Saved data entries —
------------------------------------

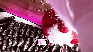 Cute mature lesbian couple in nylon stockings smashing each other with toys
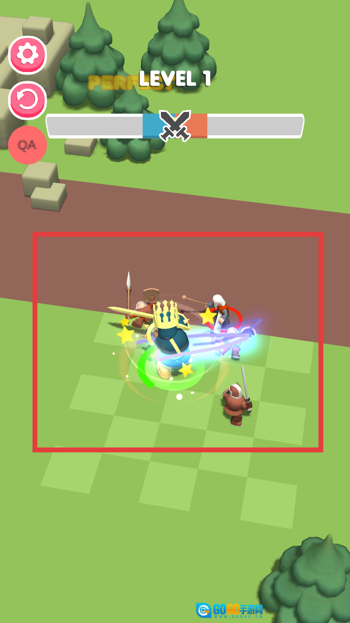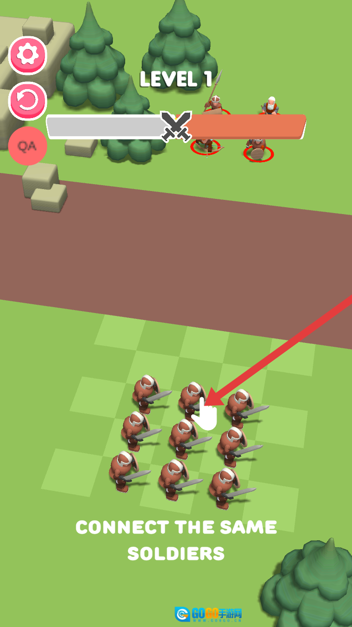 进入LEVEL-1关卡后,按照屏幕提示“CONNECT THE SAME SOLDIERS”的指引,把相同的士兵连接起来进行合成,以此提升队伍的战斗能力,为接下来迎击上方出现的敌人做好准备。
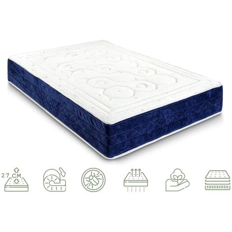 Hauteur totale du matelas 27 cm, emballée sous vide, récupération en 24 heures.
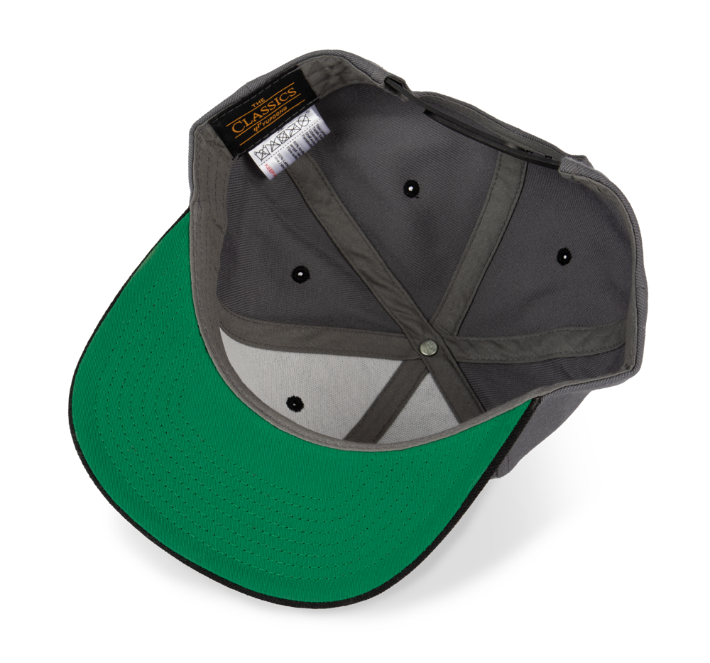 80 % Acryl / 20 % Wolle. 6 Felder. Klassisches Modell, erstklassige Qualität. Flacher Schirm, hohes Profil, vordere Felder versteift. Schirmunterseite in kontrastfarbenem Grün. Kunststoffriegel zur Weitenregulierung.
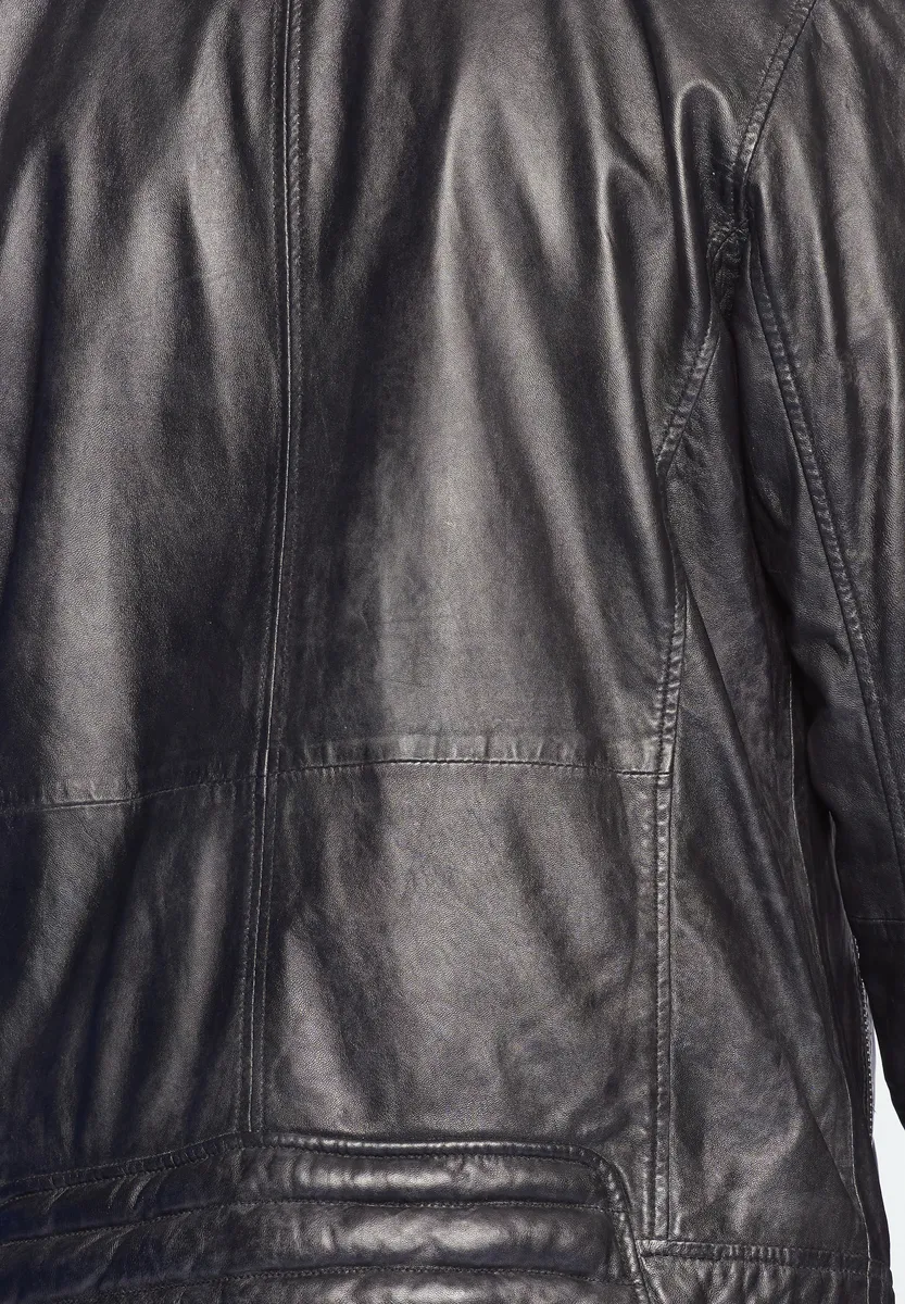 Классная кожаная куртка от модного бренда Mustang. Эта куртка в байкерском стиле имеет два кармана на молнии, нагрудный карман и два внутренних кармана: один на пуговице, другой на молнии. Кожаная куртка застегивается на прямую молнию. Благодаря классическому крою в сочетании с коротким воротником-стойкой и молниями на манжетах эта куртка обеспечивает превосходный комфорт при ношении.Базовая версия: Без подкладки: легкая подкладкаПол: мужскиеКлассификация размеров: альфа (внутренний размер, XS...)Размерный ряд : Размеры СШАСтрана-производитель: Индия (IN)Стиль куртки: кожаная курткаКоллекция: Осень/Зима 19Воротник/вырез: воротник-стойкаМатериал: кожаМатериал подкладки: хлопокМатериал внешней ткани: гладкая кожаМатериал подкладки рукавов: полиэстерХарактеристика материала: кожаСостав материала: Внешний материал: 100% кожа, ягненок / подкладка: 100% хлопок / подкладка рукавов: 100% полиэстерПосадка: Нормальная посадкаИнструкции по уходу: Специальная чистка кожиТип/стиль изделия: КурткаПокрой: ПрямойСпециальные размерыУровень продукта: не указаноСтиль: КурткаТип застежки: МолнияДетали рукава: не указаноДлина рукава: Длинный рукавСзади Длина: около 66 см по размеру. М

------------------------------------

EXERCISE —
Please restate the lines above exactly, starting at the first line of the data and stopping at the line containing "80 % Acryl /", which is included. Omit pictures.

RESULT FOR THIS TASK —
 Cute mature lesbian couple in nylon stockings smashing each other with toys
 进入LEVEL-1关卡后,按照屏幕提示“CONNECT THE SAME SOLDIERS”的指引,把相同的士兵连接起来进行合成,以此提升队伍的战斗能力,为接下来迎击上方出现的敌人做好准备。
 Hauteur totale du matelas 27 cm, emballée sous vide, récupération en 24 heures.
 80 % Acryl / 20 % Wolle. 6 Felder. Klassisches Modell, erstklassige Qualität. Flacher Schirm, hohes Profil, vordere Felder versteift. Schirmunterseite in kontrastfarbenem Grün. Kunststoffriegel zur Weitenregulierung.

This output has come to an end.